Aim of the exercise:
For the entries that follow, retype exactly the lines from the one containing "- Concentrated Saponin, Danahan's" to the one containing "根据《广西壮族自治区人力资源", inclusive, and only those. Images stay out of the copy.

Record extracts:
**********

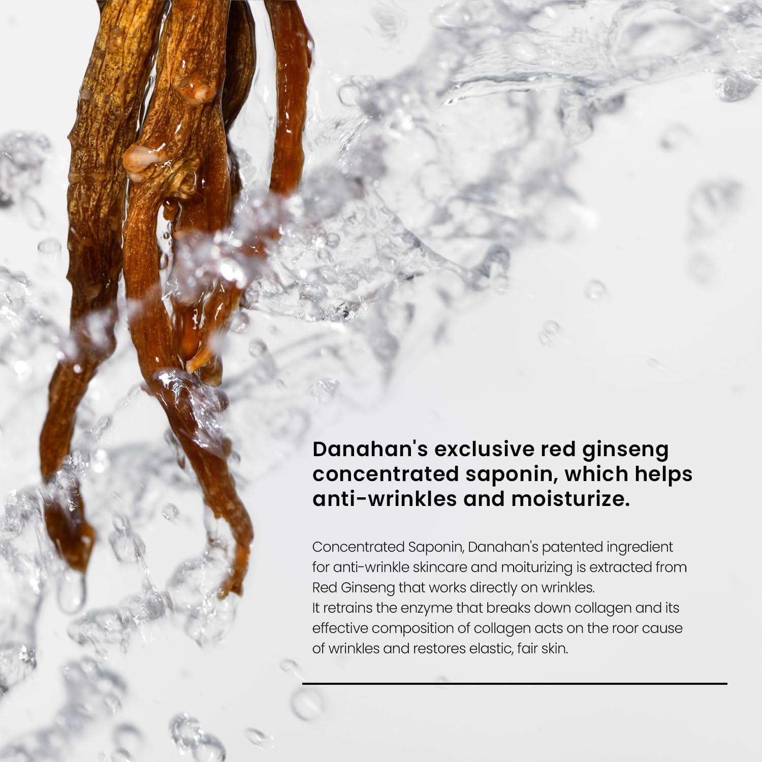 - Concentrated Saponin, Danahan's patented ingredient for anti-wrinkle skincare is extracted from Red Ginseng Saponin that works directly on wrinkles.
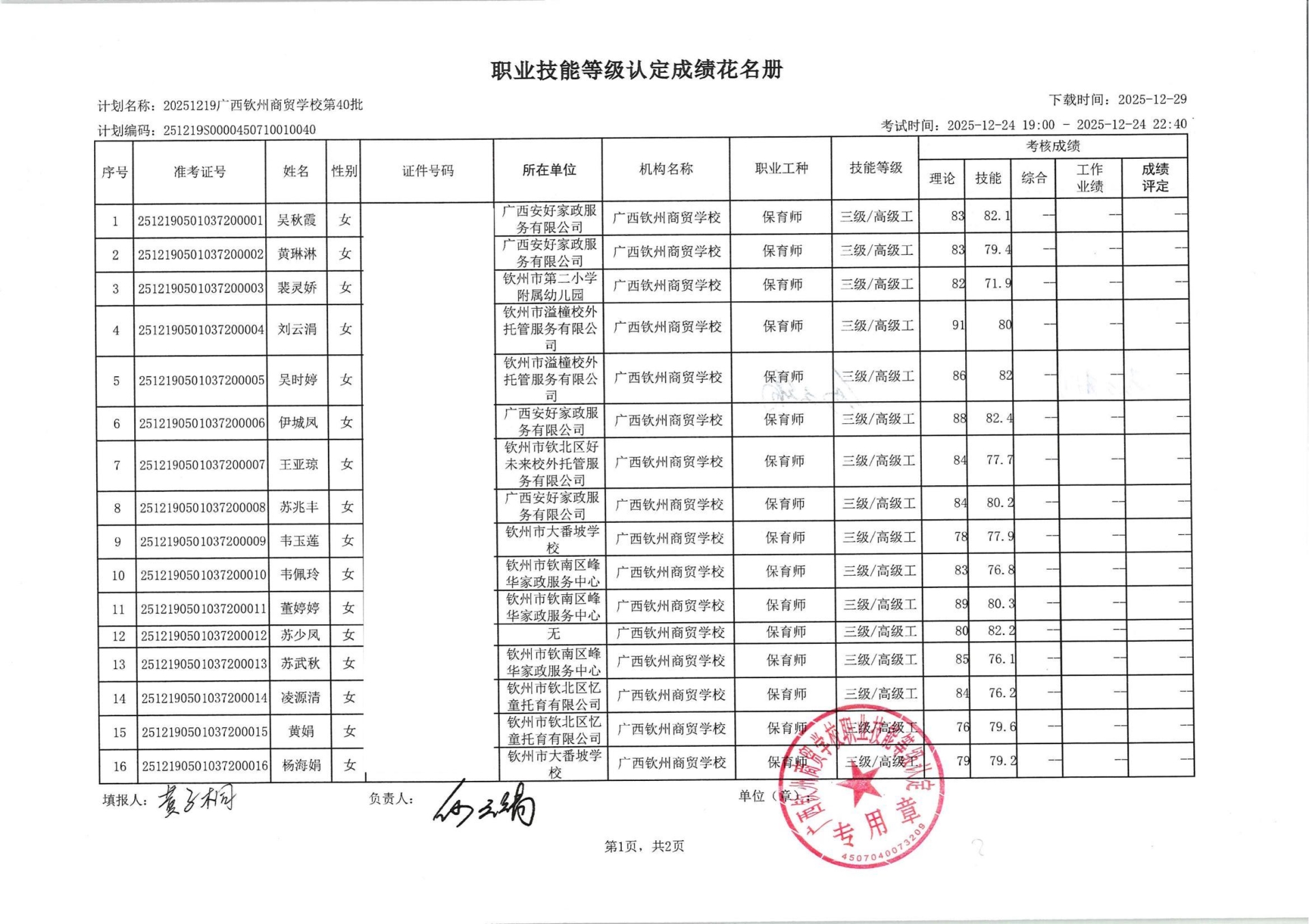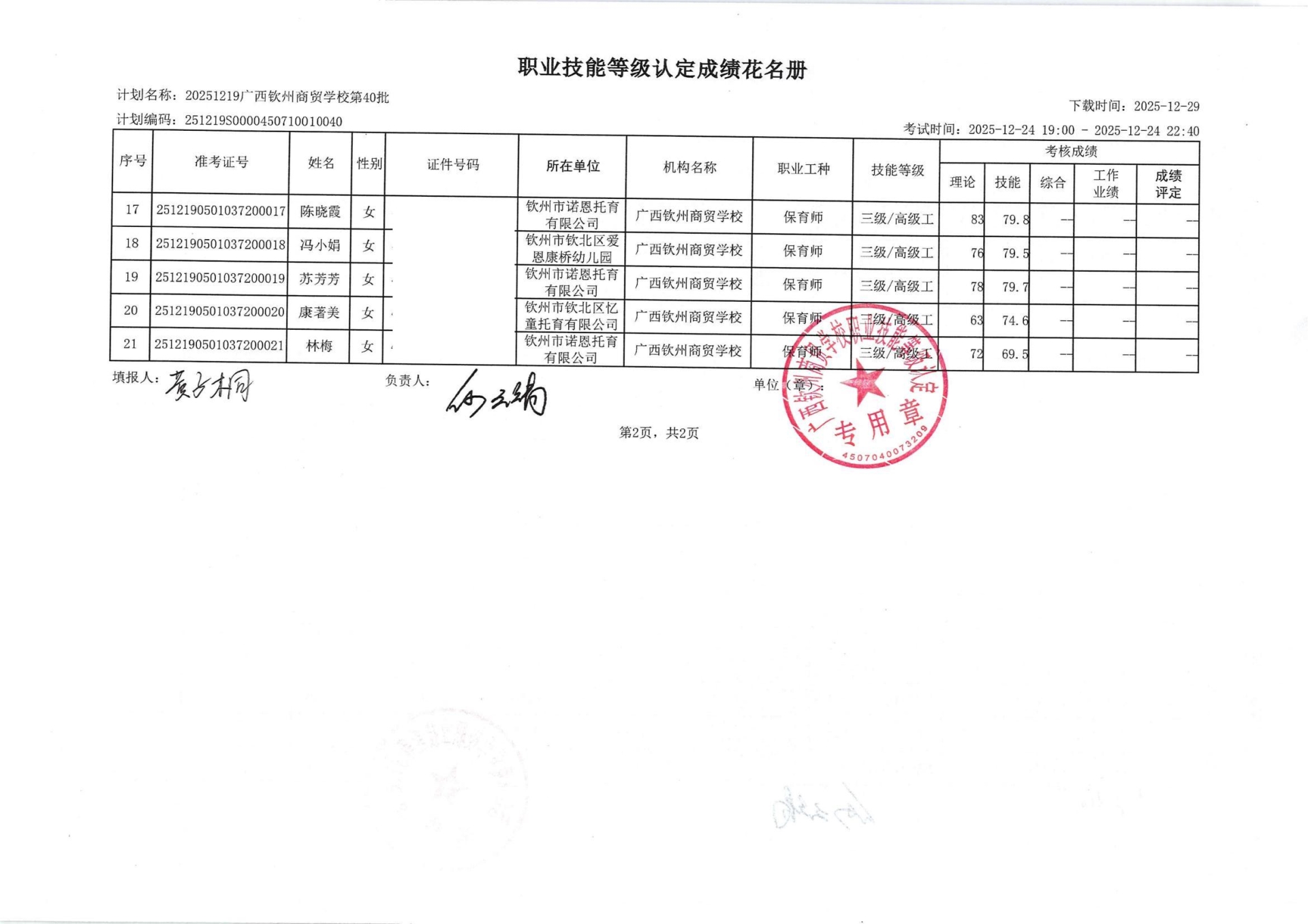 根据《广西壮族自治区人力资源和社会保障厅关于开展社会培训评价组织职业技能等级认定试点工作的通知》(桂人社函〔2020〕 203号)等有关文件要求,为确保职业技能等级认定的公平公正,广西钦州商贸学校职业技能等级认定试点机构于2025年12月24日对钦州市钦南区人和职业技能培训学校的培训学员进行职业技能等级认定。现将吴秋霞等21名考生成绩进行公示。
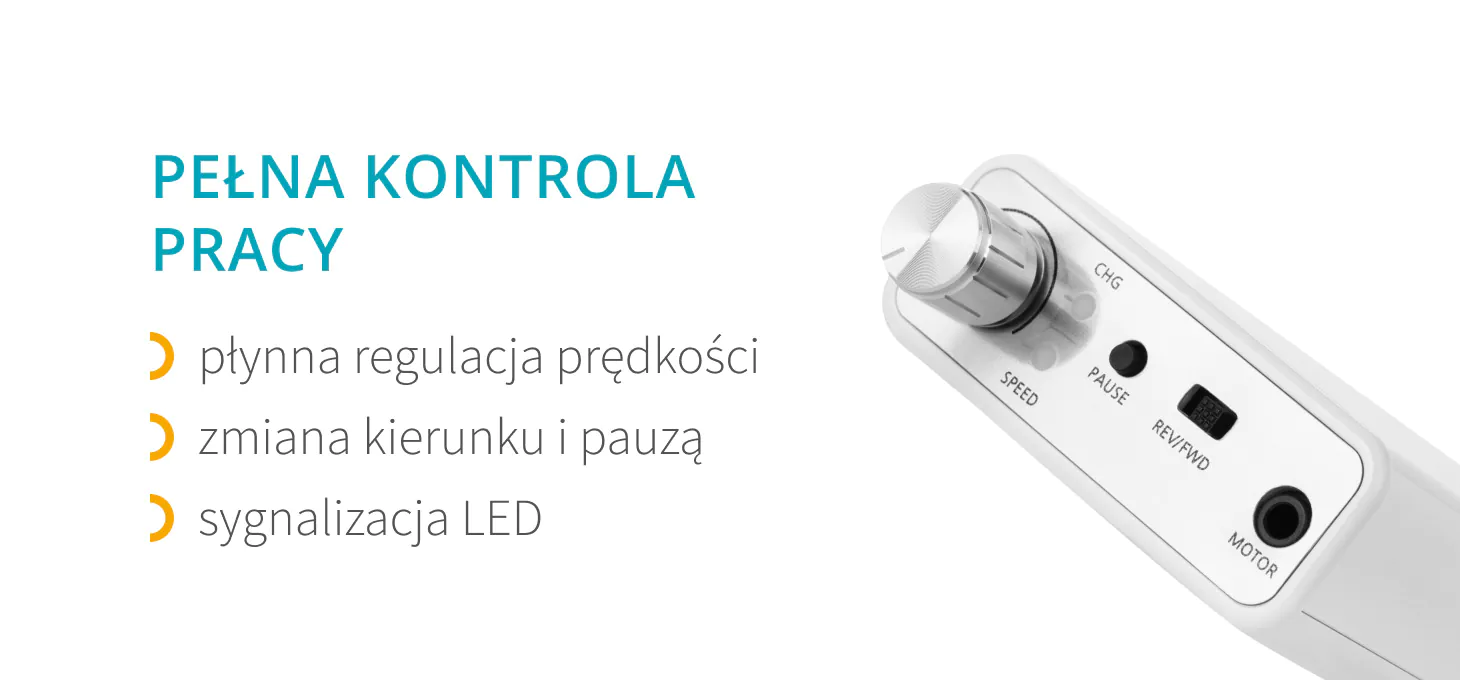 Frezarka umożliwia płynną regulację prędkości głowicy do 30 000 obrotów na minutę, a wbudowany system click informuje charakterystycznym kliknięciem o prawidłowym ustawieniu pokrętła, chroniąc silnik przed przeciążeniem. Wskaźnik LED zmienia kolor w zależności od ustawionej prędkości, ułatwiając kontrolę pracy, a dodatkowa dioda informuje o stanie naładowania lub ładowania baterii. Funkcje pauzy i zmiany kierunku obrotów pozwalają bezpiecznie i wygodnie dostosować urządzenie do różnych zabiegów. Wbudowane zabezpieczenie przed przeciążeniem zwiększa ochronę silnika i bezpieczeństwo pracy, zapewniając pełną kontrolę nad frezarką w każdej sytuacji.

**********

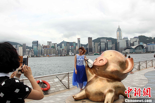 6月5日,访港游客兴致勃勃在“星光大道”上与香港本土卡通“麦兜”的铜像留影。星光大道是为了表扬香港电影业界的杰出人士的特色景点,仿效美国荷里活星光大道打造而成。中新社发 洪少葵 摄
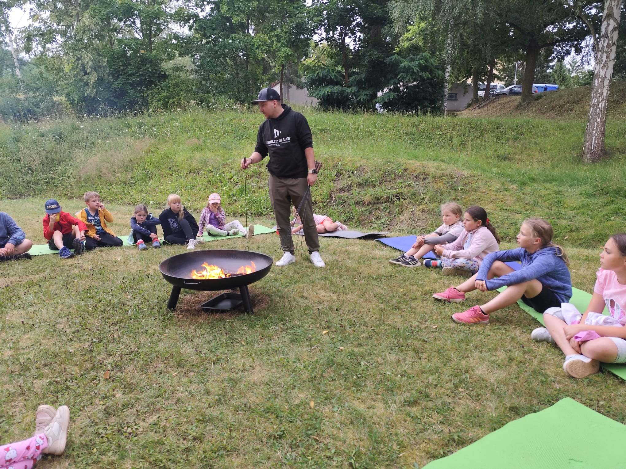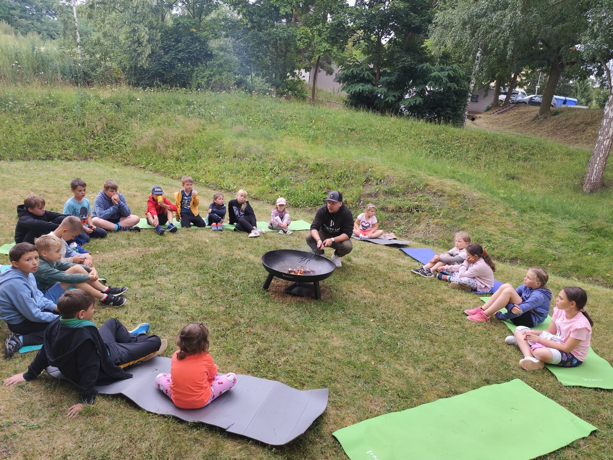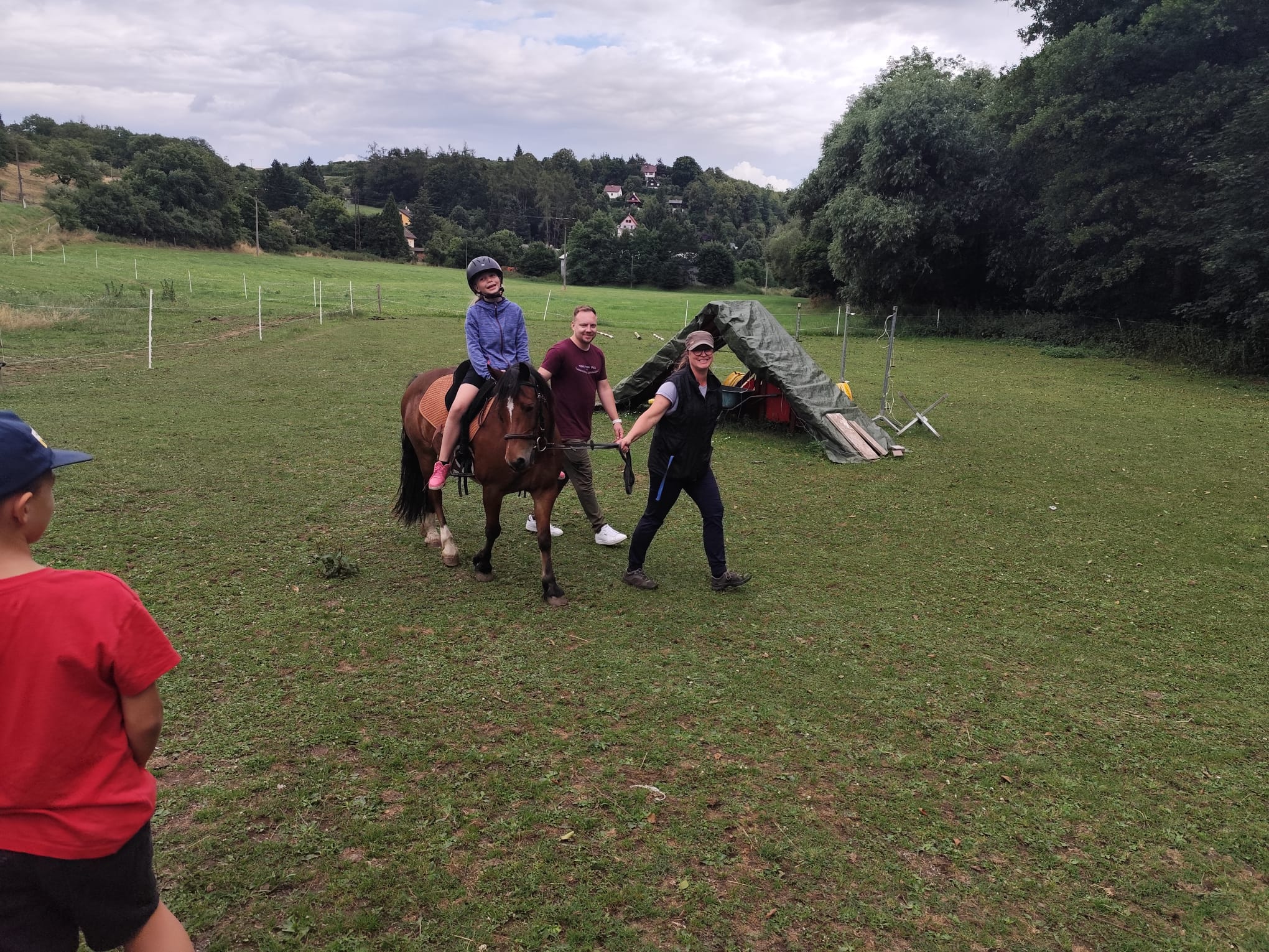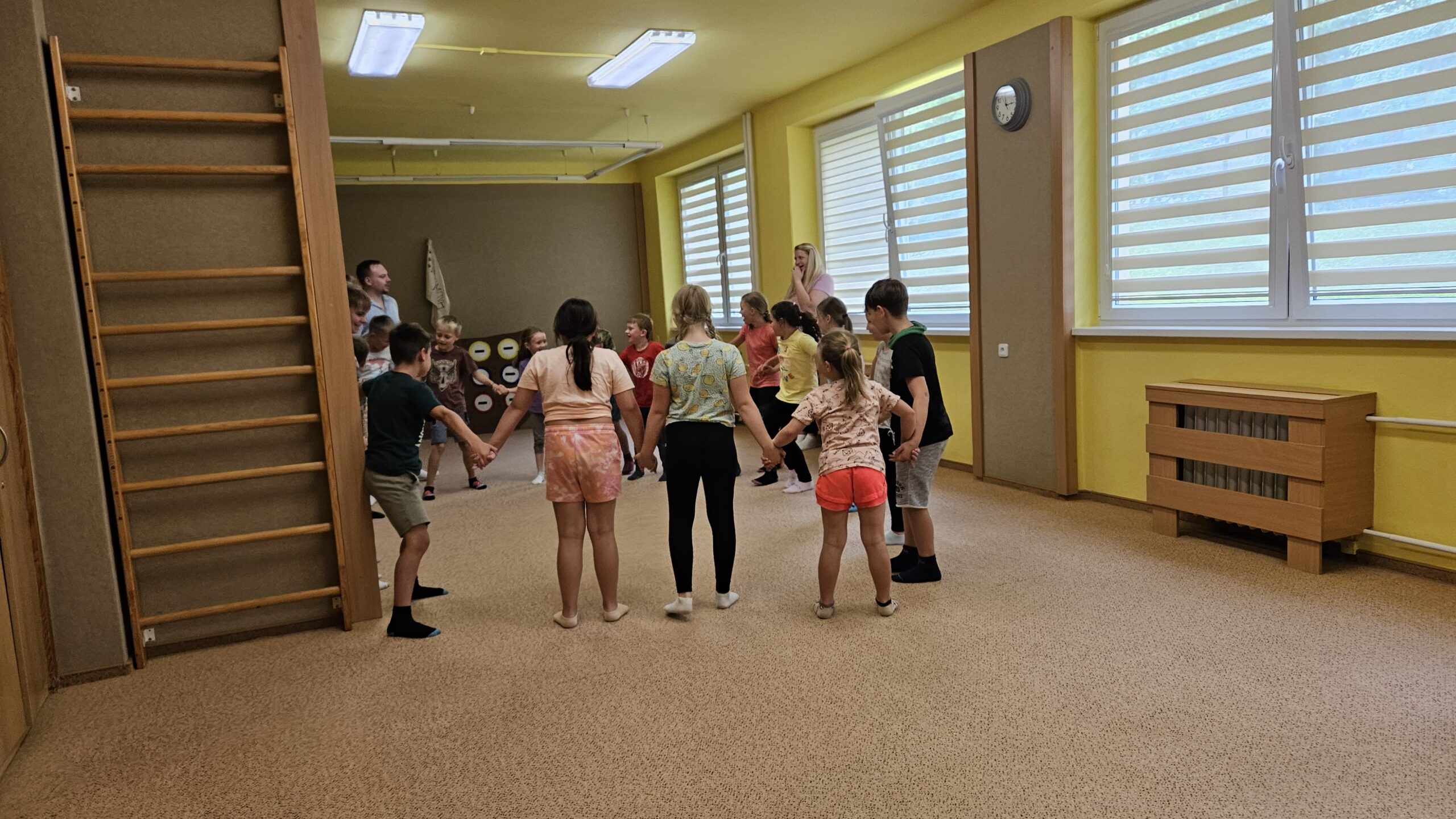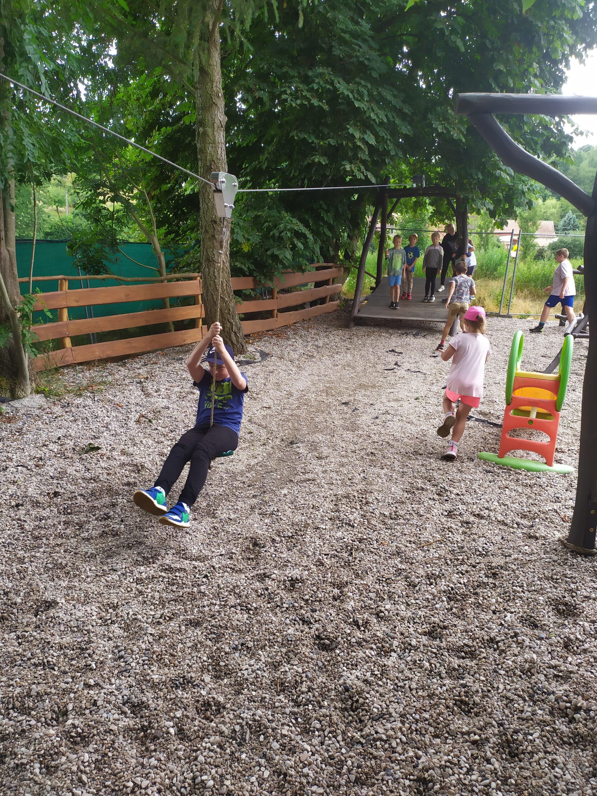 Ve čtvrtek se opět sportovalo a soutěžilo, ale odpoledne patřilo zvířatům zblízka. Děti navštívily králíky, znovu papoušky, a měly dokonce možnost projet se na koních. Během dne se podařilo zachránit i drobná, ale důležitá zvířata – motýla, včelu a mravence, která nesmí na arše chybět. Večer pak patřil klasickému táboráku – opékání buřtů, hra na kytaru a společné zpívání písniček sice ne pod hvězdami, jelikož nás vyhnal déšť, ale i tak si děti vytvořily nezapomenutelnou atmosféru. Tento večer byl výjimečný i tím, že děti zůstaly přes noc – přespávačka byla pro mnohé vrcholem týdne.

**********

Answer to this exercise:
 - Concentrated Saponin, Danahan's patented ingredient for anti-wrinkle skincare is extracted from Red Ginseng Saponin that works directly on wrinkles.
 根据《广西壮族自治区人力资源和社会保障厅关于开展社会培训评价组织职业技能等级认定试点工作的通知》(桂人社函〔2020〕 203号)等有关文件要求,为确保职业技能等级认定的公平公正,广西钦州商贸学校职业技能等级认定试点机构于2025年12月24日对钦州市钦南区人和职业技能培训学校的培训学员进行职业技能等级认定。现将吴秋霞等21名考生成绩进行公示。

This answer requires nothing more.